JUN 04, 2021

Tiny Bone Marrow Models Help Tailor Treatments for Platelet Disorder Patients

WRITTEN BY: Tara Fernandes

Scientists have developed miniaturized 3-dimensional bone marrow models that could help physicians to predict which patients would likely respond to therapies for blood platelet disorders.

Thrombocytopenic disorders are inherited conditions where the production of platelets—blood cells that circulate and bind when they sense blood vessel damage—are dysregulated. Patients with insufficient platelets are prone to internal hemorrhaging or uncontrolled bleeding after an injury. In these cases, patients are administered a drug called Eltrombopag.

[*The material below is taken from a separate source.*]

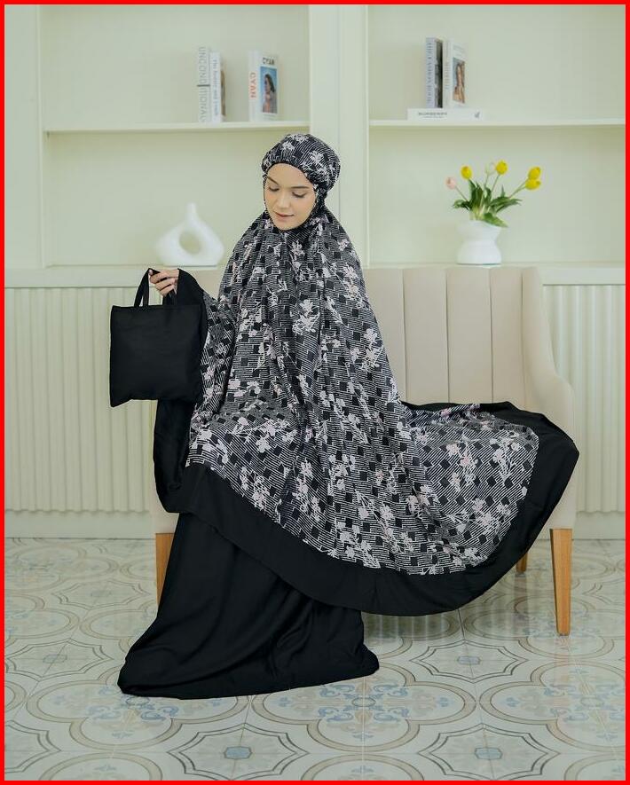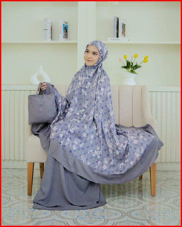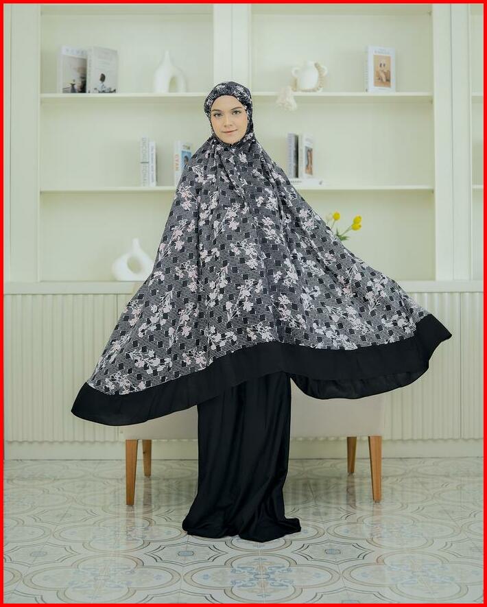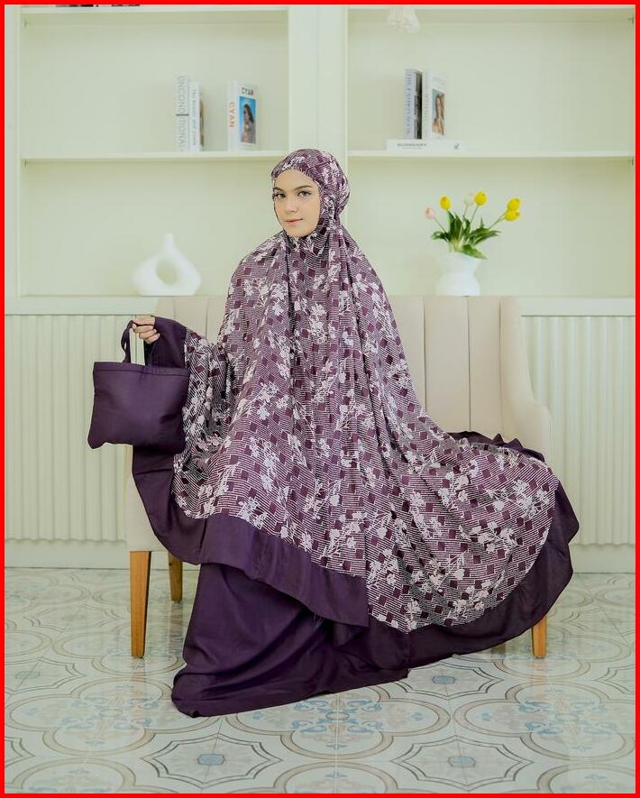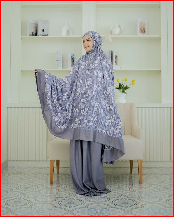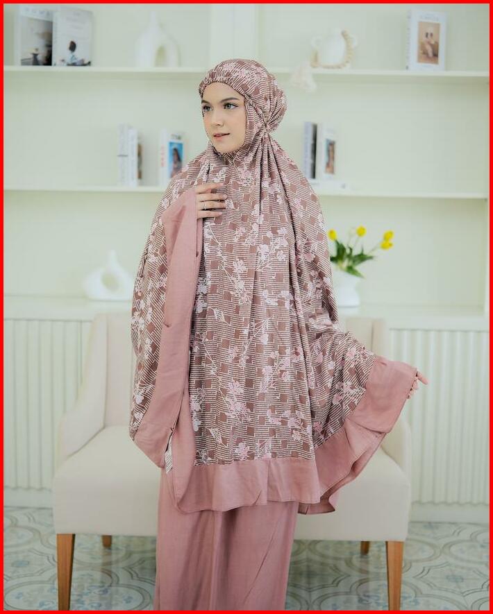 Mukena Dewasa Atasan Bawahan Motif Bunga Sakura Size Jumbo Katun Rayon Bali Halya Shop
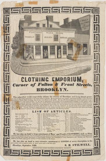 Joseph Laing & Co. Lithographers, Engravers & Printers and Edward Evans, Wholesale and Retail Clothing Warehouse, 66 Fulton Street.

The problem, says the study’s first author Christian Di Buduo, is that not all thrombocytopenia patients respond to Eltrombopag in the same way.

Di Buduo and their team created a miniature tissue-engineered model of the human bone marrow which consisted of a silk protein scaffold housing patient-derived bone marrow cells. "This device is a significant improvement over previous models, requiring only a very small sample of blood to recreate platelet production," Di Buduo said.

“Patients with the same apparent form of thrombocytopenia may respond differently to the treatment,” wrote the authors. “We describe a miniaturized bone marrow tissue model that provides a screening bioreactor for personalized, pre-treatment response prediction to eltrombopag for individual patients. Using silk fibroin, a 3D bone marrow niche was developed that reproduces platelet biogenesis.”

To validate their model, they obtained samples from a patient previously treated with Eltrombopag and showed that the number of platelets produced in the bone marrow cultures matched the patient’s response.

According to Di Buduo and colleagues, this development can help clinicians tailor platelet disorder treatments, making sure patients’ conditions are managed more effectively. In addition, they say that this model also represents a research tool that could pave the way for new and improved therapies to manage platelet disorders in the future.